**TASK:** Look below for the line with "在石头缝里觅生机,小小毛葡萄" and the line with "Old Navy Red". Copy exactly those two lines and every line between, but not the pictures.

**MATERIAL SUPPLIED:**
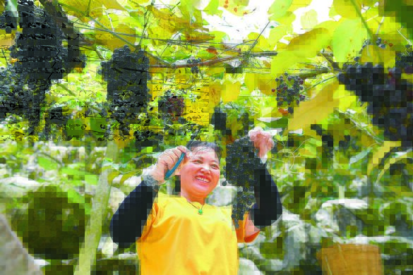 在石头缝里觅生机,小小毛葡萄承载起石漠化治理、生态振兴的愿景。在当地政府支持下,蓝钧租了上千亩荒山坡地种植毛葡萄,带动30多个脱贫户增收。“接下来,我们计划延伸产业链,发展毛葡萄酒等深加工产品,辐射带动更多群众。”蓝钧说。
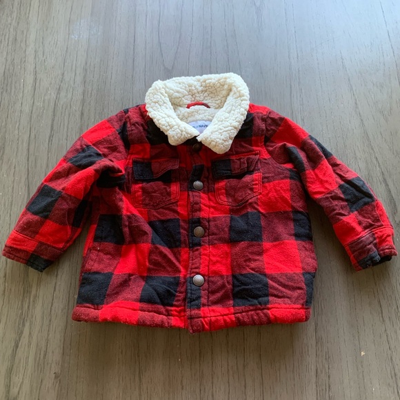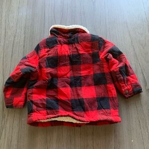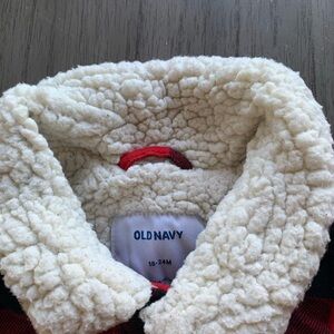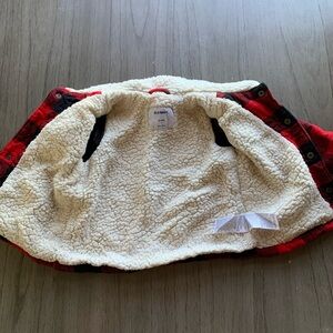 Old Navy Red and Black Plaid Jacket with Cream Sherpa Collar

* * *

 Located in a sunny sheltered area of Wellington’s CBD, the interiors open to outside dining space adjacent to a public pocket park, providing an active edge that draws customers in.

**PROBLEM SOLUTION:**
 在石头缝里觅生机,小小毛葡萄承载起石漠化治理、生态振兴的愿景。在当地政府支持下,蓝钧租了上千亩荒山坡地种植毛葡萄,带动30多个脱贫户增收。“接下来,我们计划延伸产业链,发展毛葡萄酒等深加工产品,辐射带动更多群众。”蓝钧说。
 Old Navy Red and Black Plaid Jacket with Cream Sherpa Collar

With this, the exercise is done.